I sighed. It didn’t matter. I needed to pull away and get back into my body. Let me go. I pushed at him as gently as I could manage.
He murmured something into the floor, so I nudged him again, this time with a little more force. You have to let me go. If you don’t, there will be damage, and I don’t have time for that. I have babies to rescue.
Heath moaned, and his magick tightened like so many tendrils. Well, shit. “I don’t have time for this!” I shoved him with the full force of my energy.
And he exploded.
“Holy hell, Zoë!” Seth yelled from behind me. “What the fuck did you do?”
I shook my head. “I didn’t mean to! I just wanted him to let me go.”
“Well, I think he’s done that. He’s definitely let you go... all over the damn room.”

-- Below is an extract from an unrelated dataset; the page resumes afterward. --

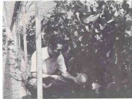
町ではじめて栽培したハウスメロン

最近ではメロンの種類が多くなって店頭でも色々な種類のもが見られるようになりました。メロンは高級果物として大衆の口に入る機会が少なかったのですが、プリンスメロンが現われてから急速に大衆化されました。しかしマスクメロン(温室メロン)は今だに価格も高く、めったに口に入りません。ところで、真珠メロンは最近出されたハウス栽培用のメロンで外観が温室メロンに近いし、味も温室メロンと変らない大衆マスクメロンと言えましょう。ハウスメロンとしては数多くの品種があり、それぞれ特徴をもっていますが、

Bits and pieces of the dead naga fell from the sky like bloody acid rain. I turned to see that Seth got the brunt of the blast, as it went right through my intangible form.
He wiped the gore off his face and arms.
“I’m really sorry,” I insisted, hoping my regret showed on my sparkling face.
He raised a hand. “Oh, this is about to get much worse. You might want to get back in your body now.” I started to ask a question, but he gave me one tight shake of his head. “Body. Now. Seriously.”
I stepped around him, amid the mess, and slipped back into my body. Damn if it didn’t feel heavier.
Seth reached back and touched my arm. “The cavalry is here.”